Tuesday, February 28, 2017

Reflect of chapter 5 of canvas design
  This chapter is the extra supplement of previous four chapters which tells how to use canvas on mobile device, create collaborations, set up outcomes and rubrics, integrate external apps into canvas and view course analytics and statistics.
  After the chapter reading and relative practice on my own AR course, I almost finished the practice of most canvas features and established a real AR course on canvas.
  At first, I couldn’t log in the canvas app in my phone because I chose a wrong url for access. Fortunately, I figured it out by Angela’s help and Sunny, Sam could also log in the app successfully.
  As you know, the canvas version referred in this book is the old one which suited for users in 2014, so most screenshots showed in chapter are not attached to the newest version which we are using now, particular for mobile device. In this case, the interface of mobile app changes a lot and some features released comparing to the old version.
  For example, the profile in bottom bar was replaced by calendar and removed to the left-top corner, and some features like people and attendance are available now. In addition, collaborations and outcomes are still blocked in app, but they can be opened in browsers as a new window.

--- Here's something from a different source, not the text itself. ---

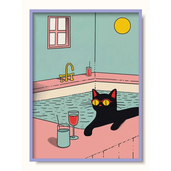 Imagined with retro colors and simple geometric shapes, a black cat enjoying itself in a pool.
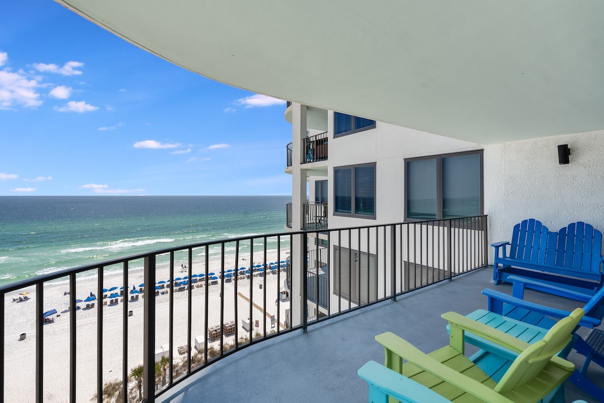 रिज़र्वेशन के साथ 2 मुफ़्त बीच चेयर/ 1 छाता शामिल है (15 मार्च - 31 अक्टूबर)। यह सुंदर पीसीबी में समुद्र तट पर सही स्थित है! इस इकाई में एक राजा बिस्तर, प्यार सीट सोफा और एक रिक्लाइनर है। इसमें एक पूरा किचन और एक निजी बालकनी है। यह गल्फ वर्ल्ड, पियर पार्क और कई रेस्तरां से पैदल दूरी के भीतर है। बाथरूम में एक सुंदर वॉक - इन शॉवर है। इस कमरे का अपना वॉशर/ड्रायर है। इसमें एक कैफ़े और प्रॉपर्टी पर एक गर्म पूल भी है!

  Teachers can view different modules of courses like announcements, calendar, to do list and inbox conversations in mobile app as computer, but it seems like they cannot do specific editing on relative parts and upload document files for assignments in app that it just supports images and video or audio import. The app in mobile device can be a convenient way for quickly course accessing and lightly content editing, teachers need turn to computer version if they want to use rich content editor or other specific operations.

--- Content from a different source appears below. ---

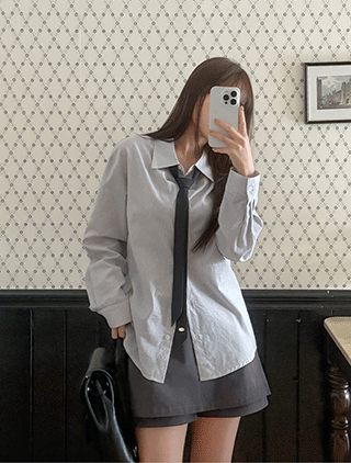 [EVELLET]テプレン配色タイSETスタイルルーズフィットシャツ
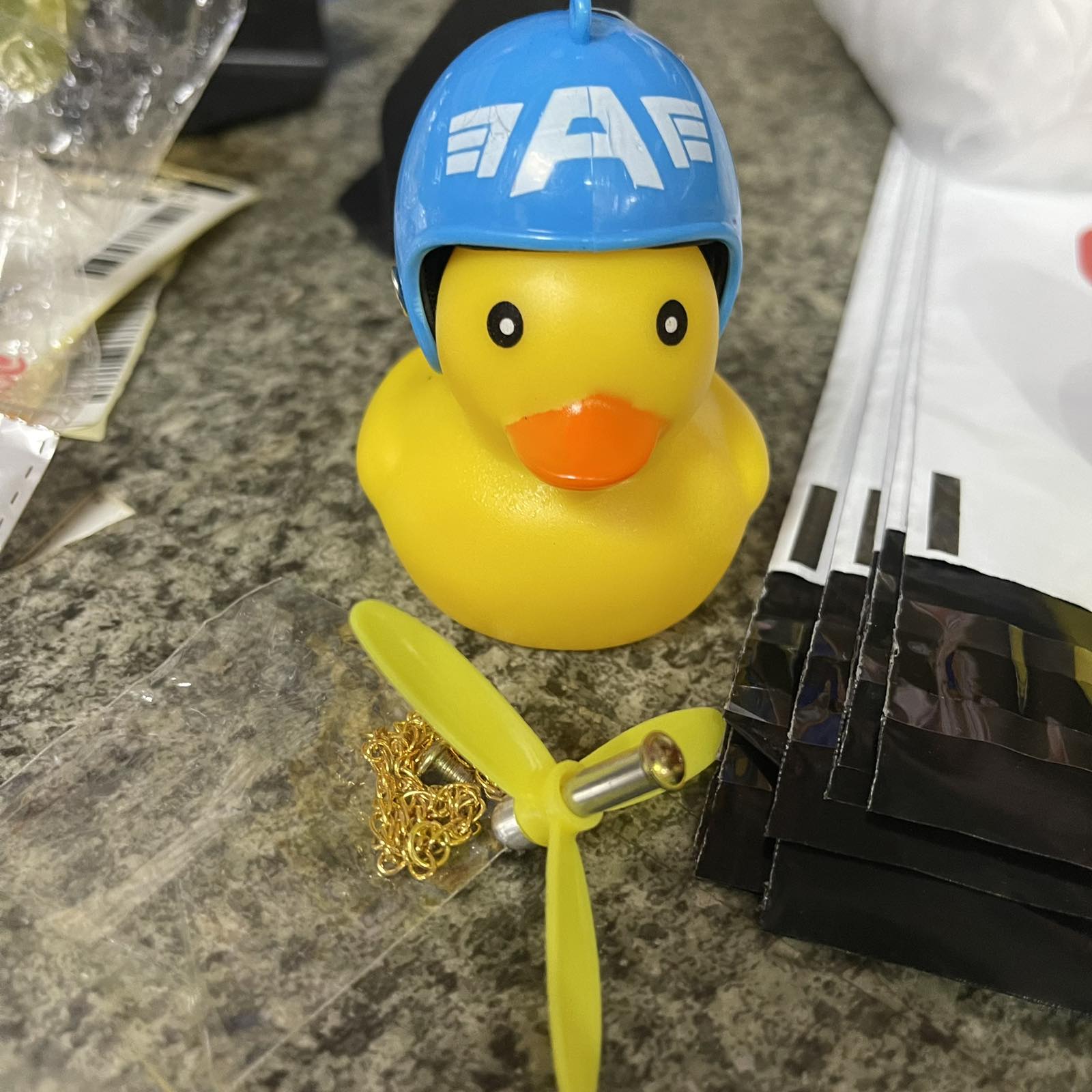Велосипедный звонок в виде милой уточки в шлеме. Станет вашим надежным другом во время езды на велосипеде или на другом транспортном средстве. Активно притягивает взгляды прохожих, а так же вызывает у них желание обзавестись таким другом. Встроенная подсветка обеспечивает дополнительную видимость в темное время суток. Издает характерный звук при нажатии на уточку (альтернатива велосипедному звонку). Пропеллер электричество не вырабатывает, но забавно вращается от встречного потока воздуха.

  In the collaborations module of computer version, I have started a new collaborative work about the development of AR by Google Docs. The book introduced the EtherPad for another access to collaboration, but I didn’t find it in the drop-down menu of “collaborate using”. Through the collaborations feature, I can set a collaborative work for groups and arrange students between different groups easily. Students in group need finish the group work collaboratively by Google Docs, It’s really an effective way for teachers to track and credit students’ differentiated work.

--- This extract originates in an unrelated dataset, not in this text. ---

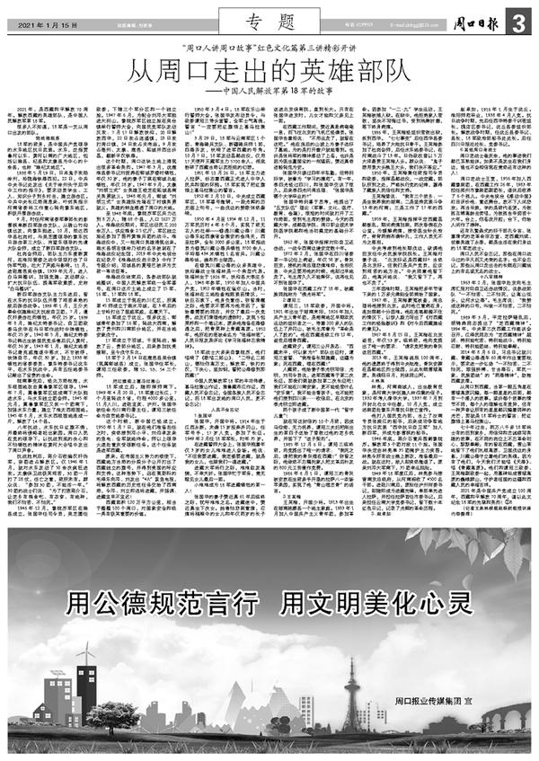 淮海战役结束后,各参战部队就地整训,中国人民解放军统一全军番号,在周口这片土地上成立了15军、16军、17军和18军。

  Outcomes module allows teachers to set different outcomes and rubrics for different assignments or courses. To clarify diverse categories of outcomes, teachers can also add different groups for different categories to avoid a mess. Canvas provides common core state standards for English and math teachers that they can import needed common outcomes directly from “find” function and adjust them to their courses based on differentiated purpose. I didn’t use this function because my course is about AR.
  I embedded the rubric I designed contains specific criteria for grading for group presentation to group assignment about the development of AR. The rubric will be displayed automatically in right area of the SpeedGrader interface and help me a lot on grading students’ assignments authentically. But the problem here is that I still cannot arrange grades weighting for different assignments that the final grade is still the average of all the assignment grades.
  I installed external apps of Khan Academy and YouTube to my course so that I can utilize them directly in the rich content editor and search for something interesting or useful for my course without open a new window for them. It’s really efficient for teachers to find and distribute resource to students.

  Because my AR course is just an experiment for practicing canvas features, I can’t get rich information about students’ activities, submissions and grades from course analytics. But it’s really an effective way for teachers to track students’ learning when they implement canvas for real teaching. And through course statistics, they can easily monitor the running statistics of the course they choose. Teachers can use these two functions to differentiate students’ learning in one course and refine their course by authentic statistics for promoting efficiency.